Records to use -

★ ★ ★ ★ ★ ★ ★

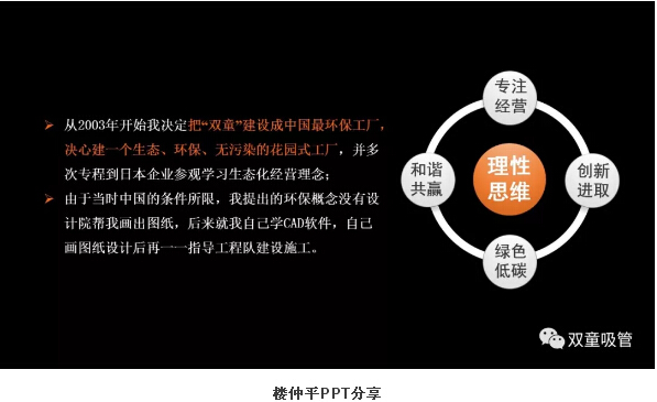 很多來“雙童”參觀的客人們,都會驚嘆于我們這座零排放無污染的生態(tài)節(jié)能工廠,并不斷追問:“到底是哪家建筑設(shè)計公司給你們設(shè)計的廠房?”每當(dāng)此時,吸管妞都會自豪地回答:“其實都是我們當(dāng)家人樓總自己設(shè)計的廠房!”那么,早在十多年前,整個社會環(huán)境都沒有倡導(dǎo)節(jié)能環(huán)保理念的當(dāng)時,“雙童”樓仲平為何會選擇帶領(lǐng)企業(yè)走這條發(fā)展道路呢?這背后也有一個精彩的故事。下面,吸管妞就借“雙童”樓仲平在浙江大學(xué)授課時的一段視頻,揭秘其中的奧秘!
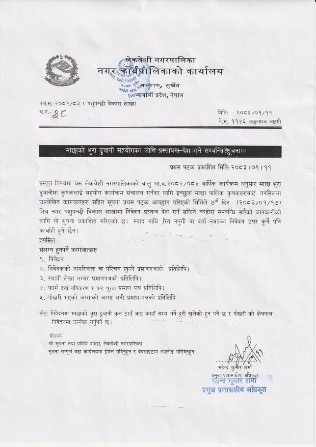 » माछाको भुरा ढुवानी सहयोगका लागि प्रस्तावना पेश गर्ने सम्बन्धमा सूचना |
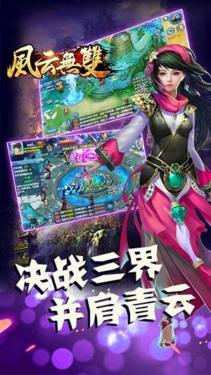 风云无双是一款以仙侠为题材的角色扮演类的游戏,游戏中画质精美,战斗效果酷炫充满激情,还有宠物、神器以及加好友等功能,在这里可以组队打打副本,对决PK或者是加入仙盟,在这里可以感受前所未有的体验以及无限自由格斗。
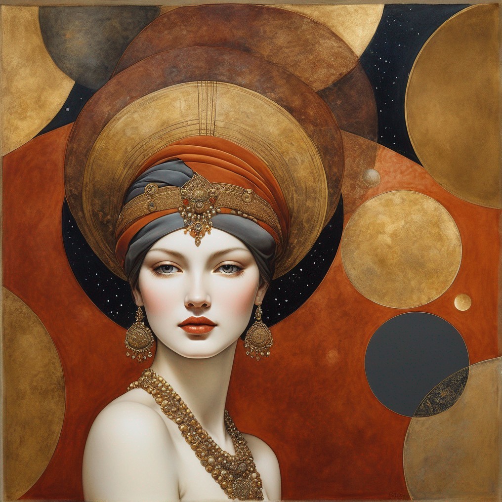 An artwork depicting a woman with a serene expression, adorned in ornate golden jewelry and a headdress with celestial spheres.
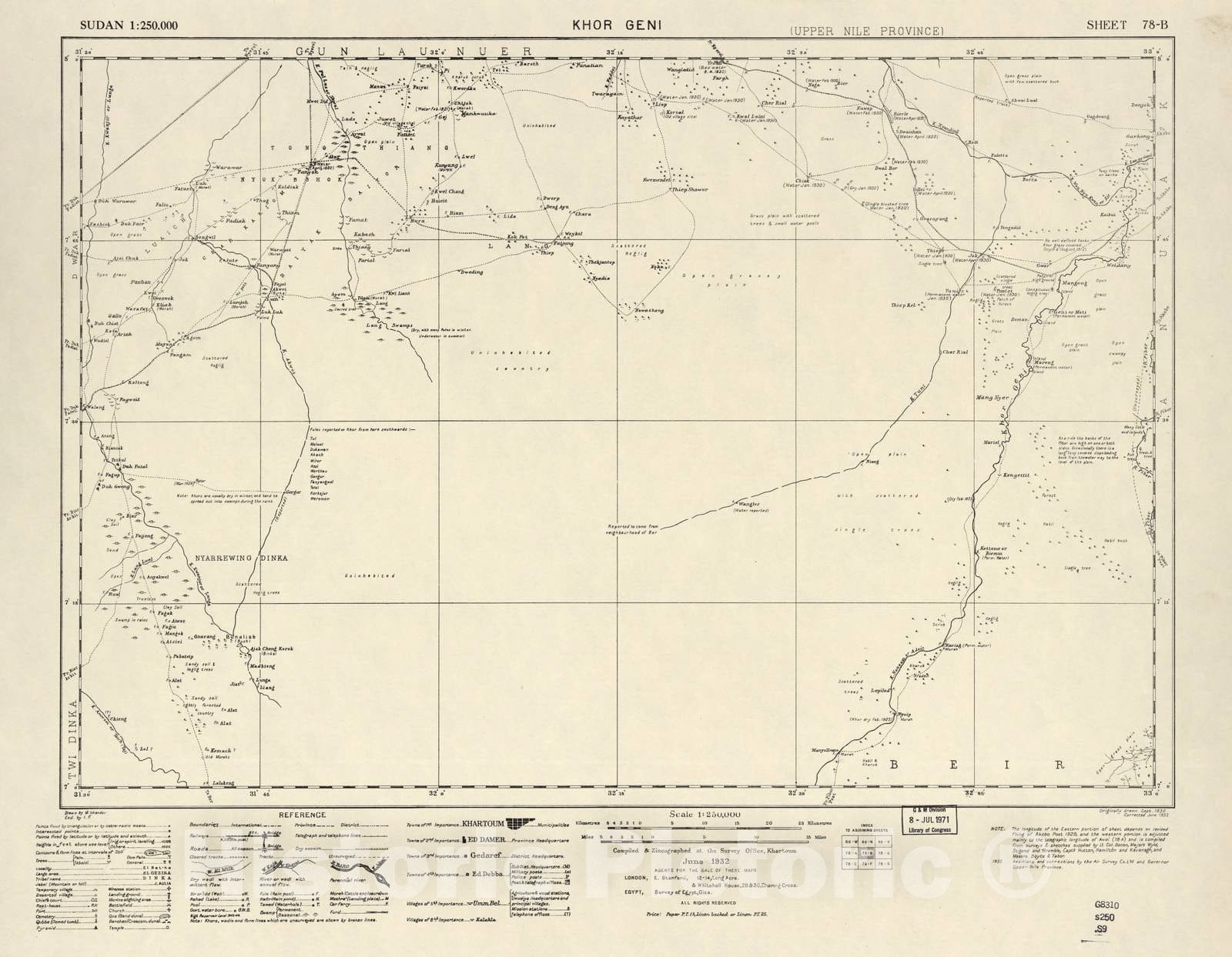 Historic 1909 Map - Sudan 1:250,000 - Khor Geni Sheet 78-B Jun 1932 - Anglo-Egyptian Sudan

★ ★ ★ ★ ★ ★ ★

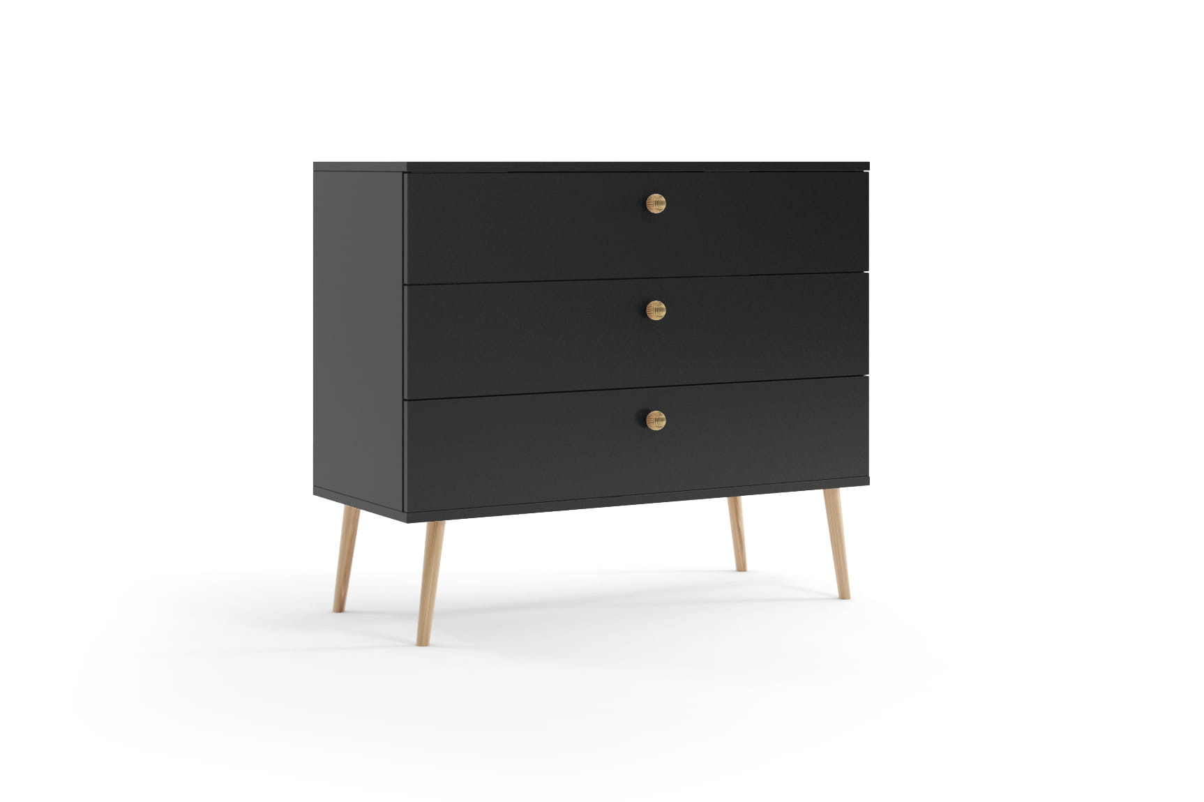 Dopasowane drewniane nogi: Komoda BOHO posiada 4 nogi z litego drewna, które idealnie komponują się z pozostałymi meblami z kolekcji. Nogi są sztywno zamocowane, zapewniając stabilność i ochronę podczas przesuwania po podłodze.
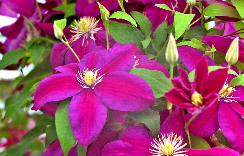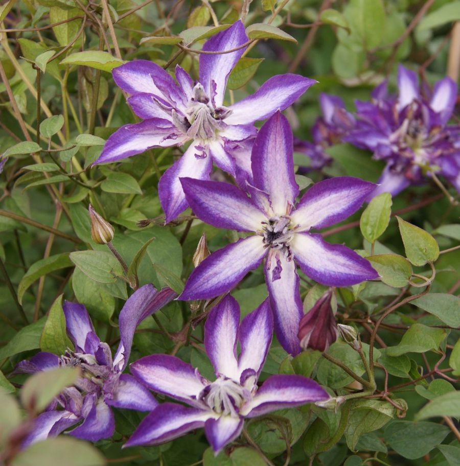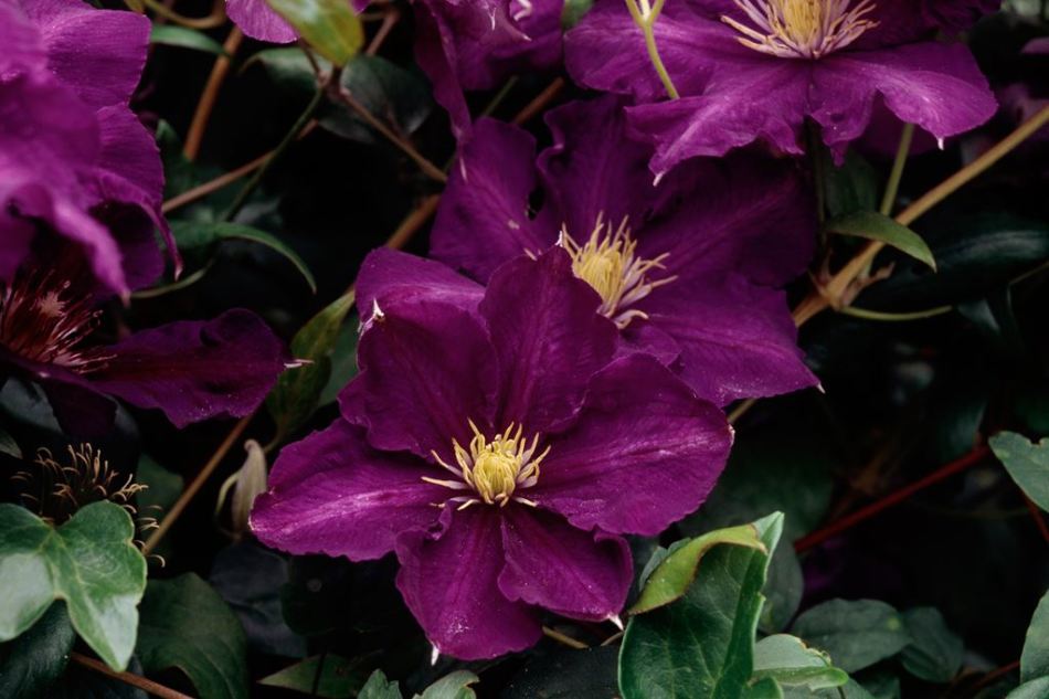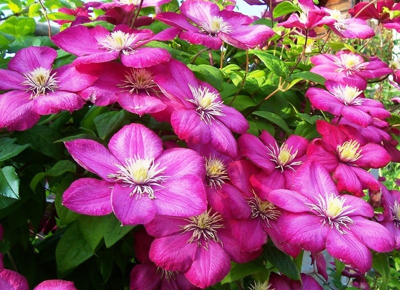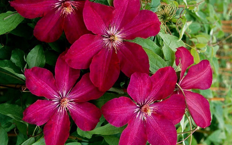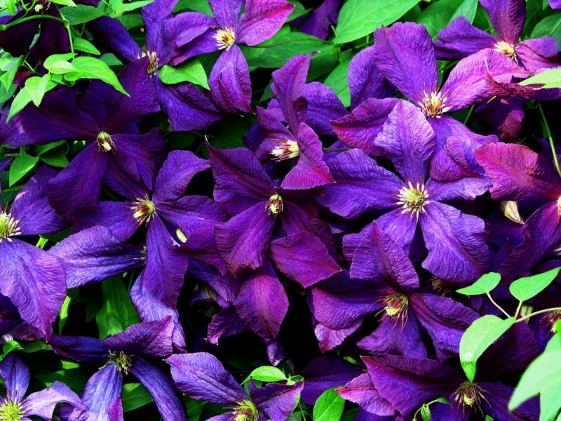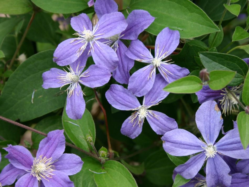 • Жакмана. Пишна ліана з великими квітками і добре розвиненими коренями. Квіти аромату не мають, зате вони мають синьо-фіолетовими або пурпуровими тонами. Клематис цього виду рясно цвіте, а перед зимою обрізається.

★ ★ ★ ★ ★ ★ ★

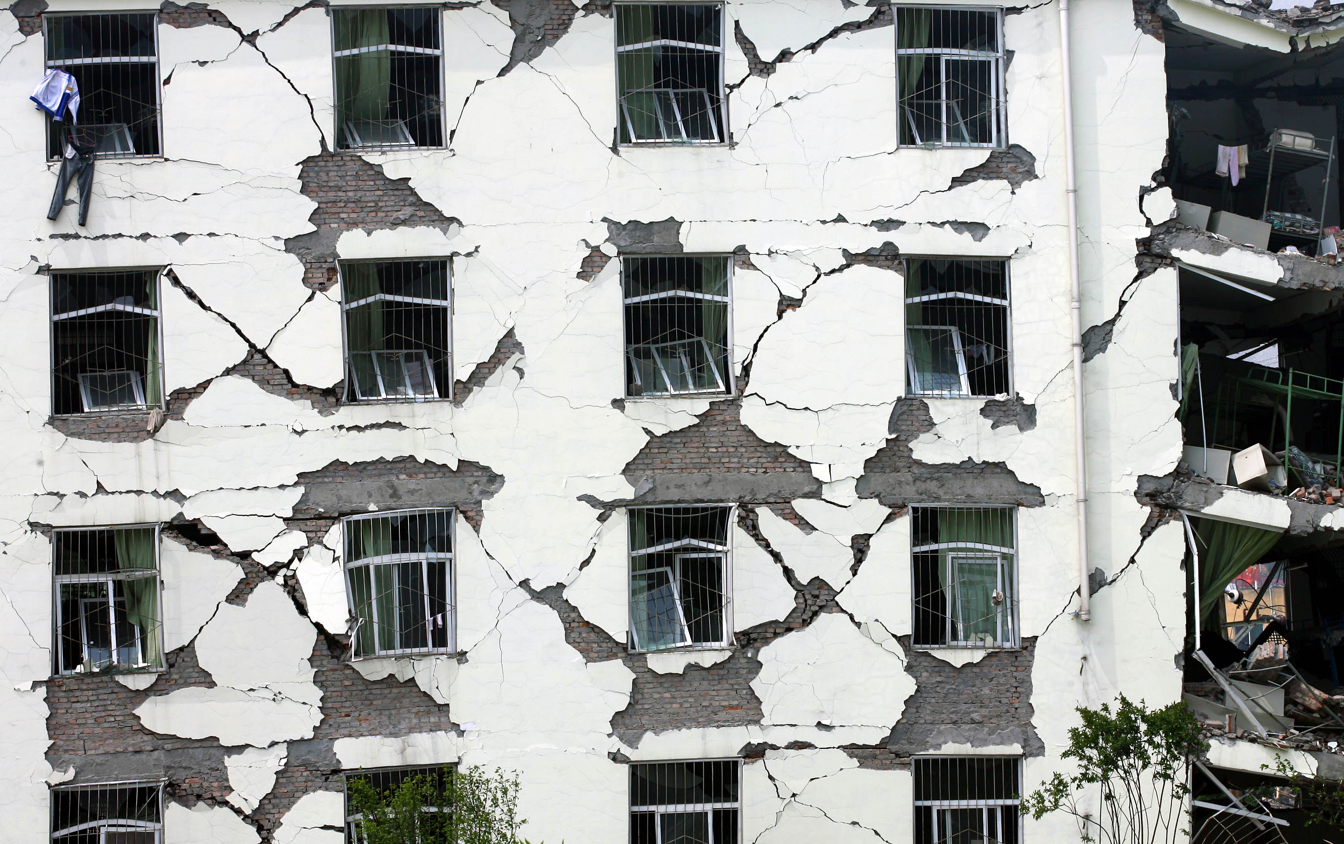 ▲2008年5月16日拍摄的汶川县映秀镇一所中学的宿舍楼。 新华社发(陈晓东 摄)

★ ★ ★ ★ ★ ★ ★

Task objective - Return word for word the lines of the listing above, starting at the line with "An artwork depicting" and ending at the line with "Historic 1909 Map", both included. Pictures do not belong in the copy.

Exercise answer -
 An artwork depicting a woman with a serene expression, adorned in ornate golden jewelry and a headdress with celestial spheres.
 Historic 1909 Map - Sudan 1:250,000 - Khor Geni Sheet 78-B Jun 1932 - Anglo-Egyptian Sudan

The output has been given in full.